Preserving the works and artifacts of classical piano composers keeps them alive and enables generations to experience them almost first hand. 


December 30, 2017

The Secret Facts of Composers



Piano teachers need to know their music, and it’s useful to know about the composers themselves. Tomoko likes to read biographies – especially those of composers. And she relates stories about them to her students, providing context for the compositions as well as making those composers more human. Here are some of the lesser known facts about some of them.

Vivaldi became a priest when he was 25, and served as a master of violin at an orphanage. Vivaldi suffered from bronchial asthma throughout his life, which kept him from playing wind instruments.

Liszt was very popular when young, and he was quite the playboy. One of his illegitimate daughters become Richard Wagner’s wife. Nevertheless, throughout his life he considered becoming a priest, and took four minor religious orders when 54.

Schubert was famous for his musical parties, which sometimes lasted until dawn. Yet he was very prolific; he wrote more than 20,000 bars of music, including 600 songs. He wrote 8 songs in one day. 

Rachmaninoff's fingers could span 12 keys.  On the other hand 😉, Schumann ruined his performing career by practicing with a homemade finger-stretching device; then he would plunge his hands into slaughtered animals’ entrails to heal himself.

Frederic Handel loved rich food and wine. He would order enough food for three people – for himself. The food caused him gout, and the wine may have caused him lead poisoning. 

Johann Sebastian Bach frequented Leipzig’s Café Zimmermann where he would drink several cups of coffee (which was a luxury beverage at the time). He liked coffee so much he wrote the Coffee Cantata about a woman who was trying to stop her coffee drinking habit.  Bach was also an amateur mathematician, which is evident in his compositions, especially his canons.
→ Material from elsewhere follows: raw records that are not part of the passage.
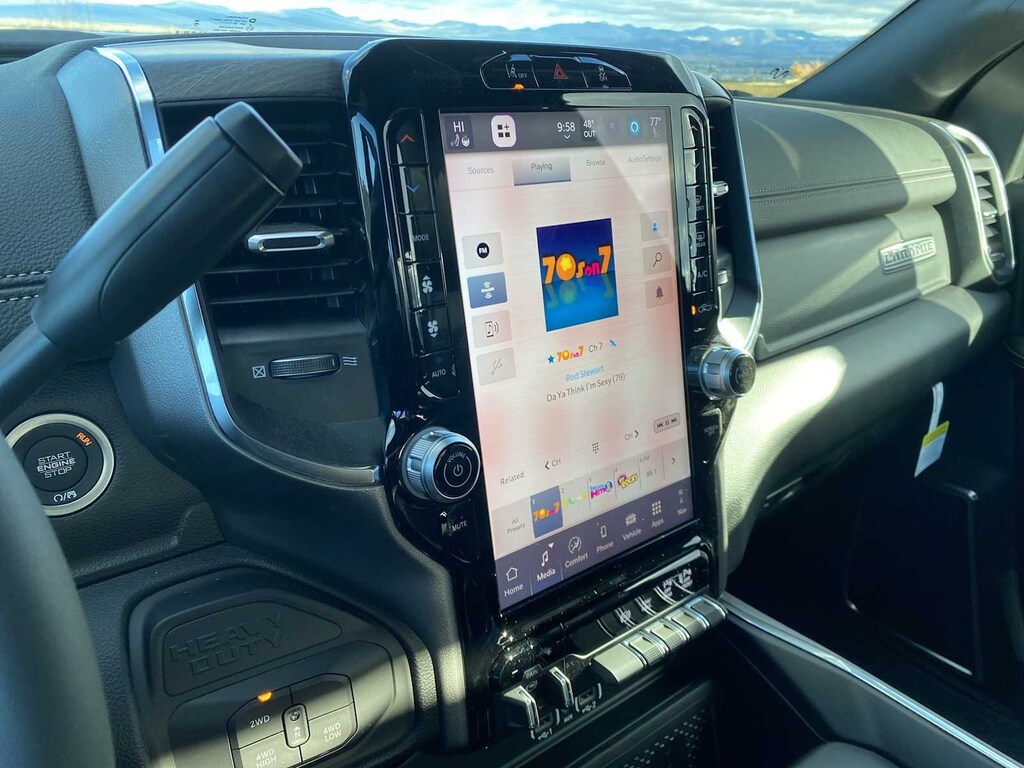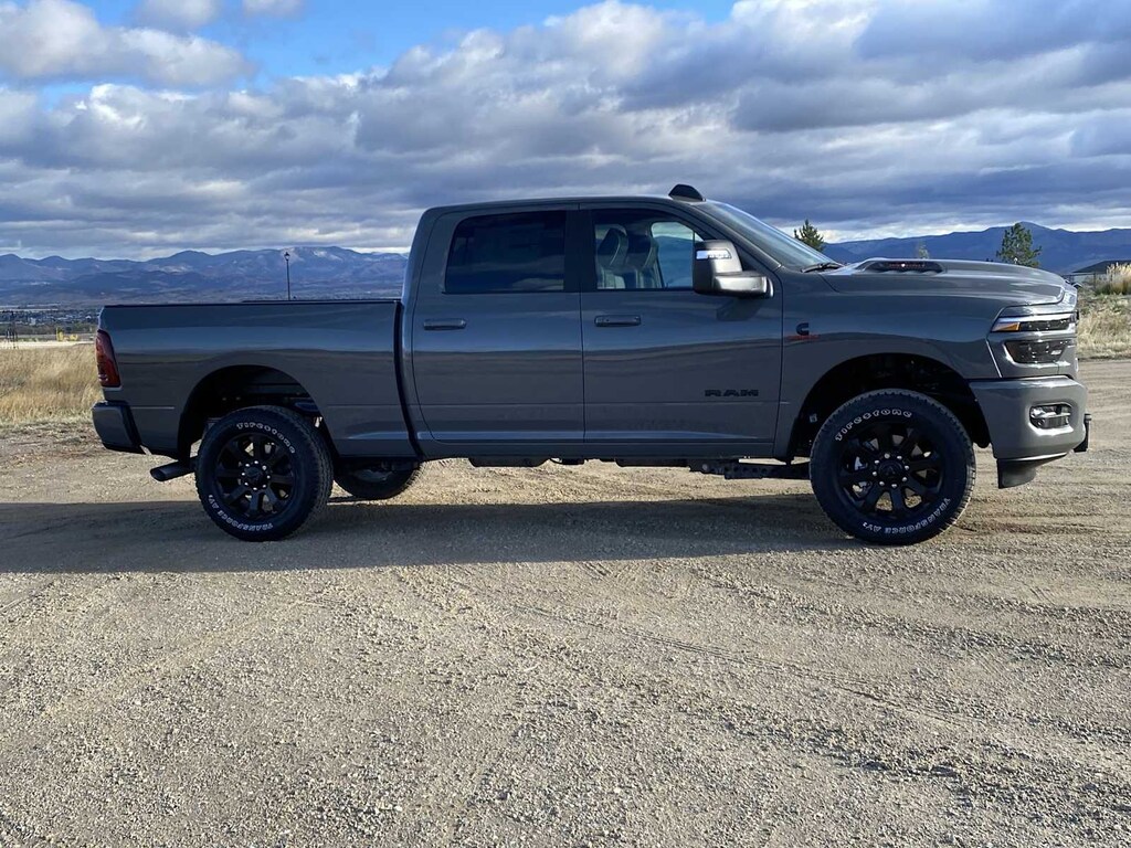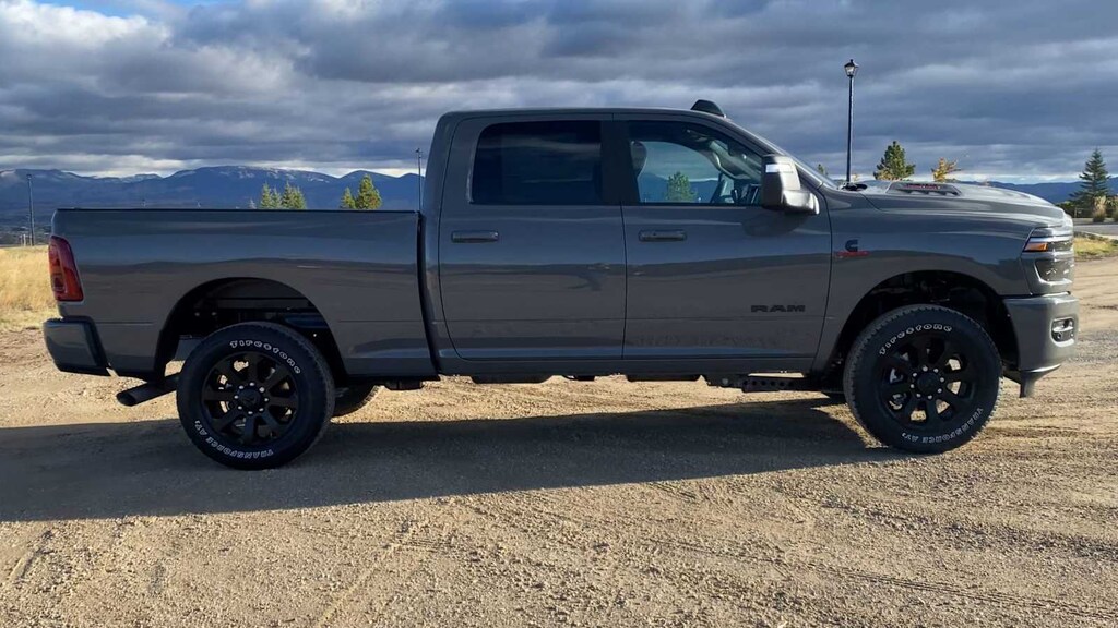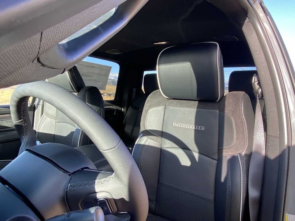 ENGINE: 6.7L I6 CUMMINS HO TURBO DIESEL Selective Catalytic Reduction (Urea), Dual 730 Amp Maintenance Free Batteries, Cummins Turbo Diesel Badge, Heavy Duty Engine Cooling, Diesel Exhaust Brake, Supplemental Heater, 3.42 Axle Ratio, Front Bumper Sight Shields, Capless Fuel Fill w/o Discriminator, GVWR: 11,040 lbs, NIGHT EDITION Tires: LT285/60R20E OWL On/Off Road, Black Exterior Truck Badging, Wheels: 20 x 8.0 Black Painted Aluminum, Gloss Black Grille Billets/Accents, Body Color Grille-Surround, Sport Performance Hood, Black Exterior Mirrors, LARAMIE LEVEL 1 PLUS EQUIPMENT GROUP CTR Stop Lamp w/Cargo View Camera, Rain Sensitive Windshield Wipers, Power Adjustable Pedals w/Memory, LED Bed Lighting, Traffic Sign Recognition, Adaptive Steering System, Auto Dim Exterior Mirror, Anti-Spin Differential Rear Axle, Heated Second Row Seats, Drowsy Driver Detection, MOPAR Deployable Bed Step, Foam Bottle Insert (Door Trim Panel), Active Lane Management System, Power Heated Fold Telescopic Mirrors w/Memory, MOPAR Spray In Bedliner, Remote Tailgate Release, Auto High Beam Headlamp Control, Exterior Mirrors w/Memory, 2nd Row In Floor Storage Bins, Auto Dim Exterior Passenger Mirror, Auto Adjust In Reverse Exterior Mirrors, MOPAR FRONT & REAR RUBBER FLOOR MATS, TRANSMISSION: 8-SPEED TORQUEFLITE HD AUTOMATIC, BLACK, LEATHER TRIMMED BUCKET SEATS Bucket Seats, Dual Wireless Charging Pad, Ventilated Front Seats, Radio/Driver Seat/Mirrors/Pedals Memory, Full Length Upgraded Floor Console. Ram Laramie with Ceramic Gray Clearcoat exterior and Black interior features a Straight 6 Cylinder Engine with 430 HP at 2800 RPM*.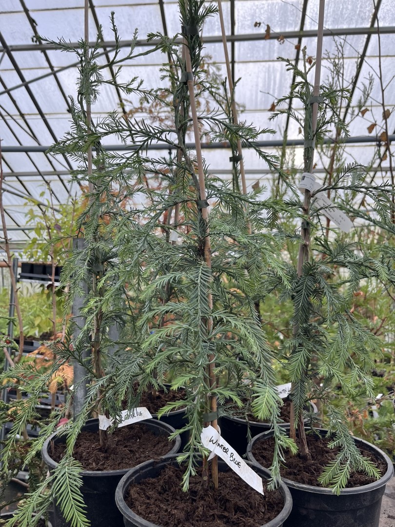 The needles of Sequoia sempervirens ‘Winter Blue’ display a beautiful blue-green hue throughout the growing season, but it’s during the cooler months that this cultivar truly lives up to its name. The winter colour intensity creates a spectacular focal point, particularly effective when frost or morning dew catches the foliage.
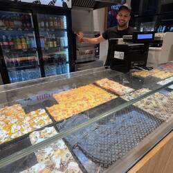 Our Airbnb host pointed us toward a local pizza place just a couple of blocks away. Easy mission. We followed our stomachs straight to Alice’s Pizza — a fast-food style franchise we later spotted all over the city. But let me say this clearly: this was not your typical franchise disappointment. This was, “Wow… why is this so good?” pizza. The crust was thin and firm, the bread had this wonderful almost-but-not-quite-explainable flavor, and the sauce and toppings fused into something far better than two exhausted travelers deserved.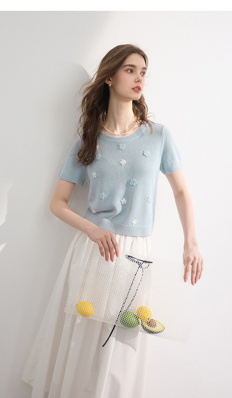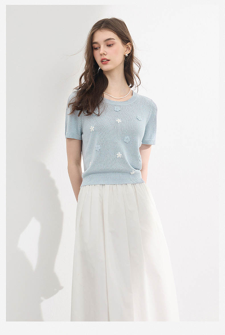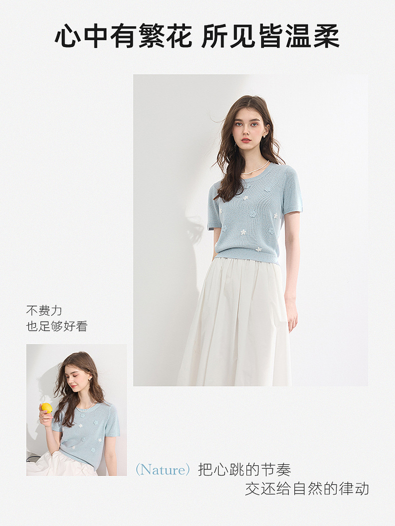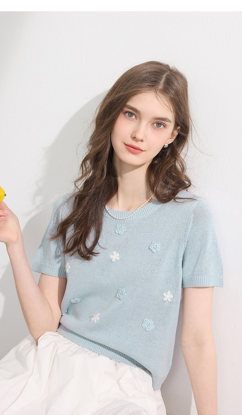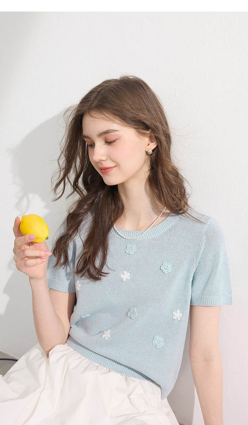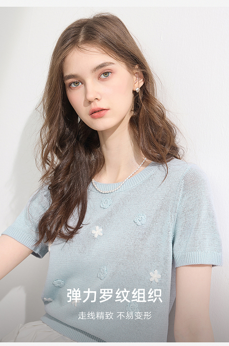 三彩2026夏季新款花朵针织衫圆领短袖正肩毛衫套头衫短款上衣M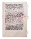 Label TextFor medieval Christians, life was marked not only by cycles of days, months, and seasons, but also by annual cycles of worship, which included prayers, readings, and music. The essential service—the mass—featured elements that were the same every day. But each day’s mass also celebrated specific saints or spiritual events. Medieval churchmen organized the annual cycles of worship in a type of book called a missal that specified both the unchanging aspects of the mass with those unique to each day. The missal leaf displayed above is handwritten on parchment, the processed skin of an animal. It specifies portions of the mass for days in mid-September. The first six lines include a selection from the Gospel of St. John, for example, to be read on September 13. The bottom half of the page cites specific texts for September 14, devoted to Saints Cornelius and Cyprian, whose names are executed in red letters (called rubrics). The use of color is not for decoration, but to indicate important divisions in the mass.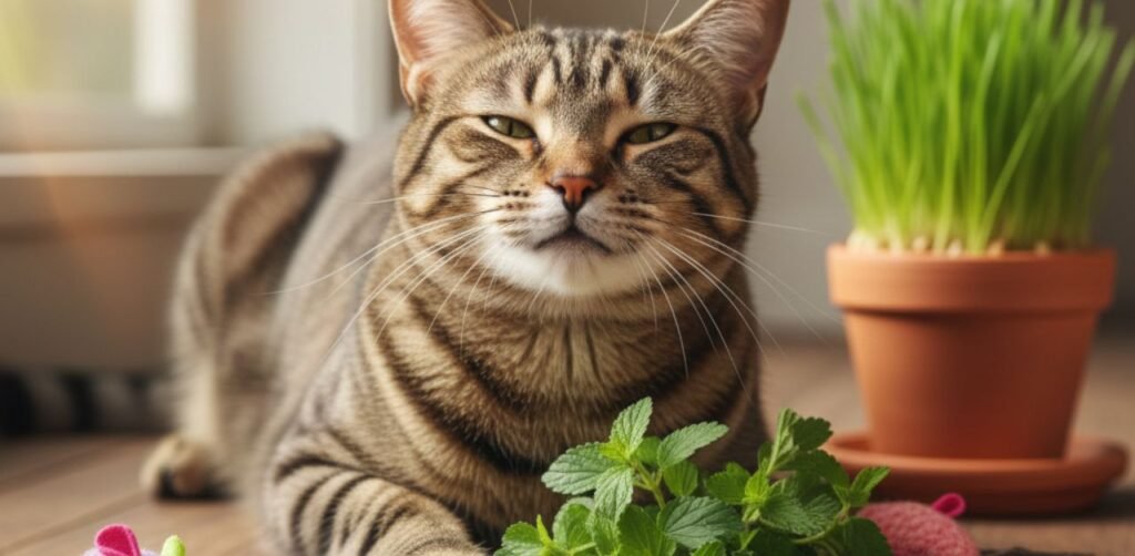 • Safe Plants: Growing “Cat Grass” (Wheatgrass) inside allows your cat to safely nibble on greens, mimicking their outdoor experience.

Speaking of coffee, Beethoven was so meticulous that he would measure exactly 60 beans when making coffee.

Mozart’s life included many interesting facts. He could write music before he could write words. He could listen to a piece of music just once and be able to write it down from memory perfectly. He wrote half of his symphonies between the age of 8 and 19. was a big cat fan. He would imitate cats when bored during rehearsals. In fact, he liked cats so much that he wrote a song called "The Cat Duet,” in which the husband asks his wife questions and she answers back in meows.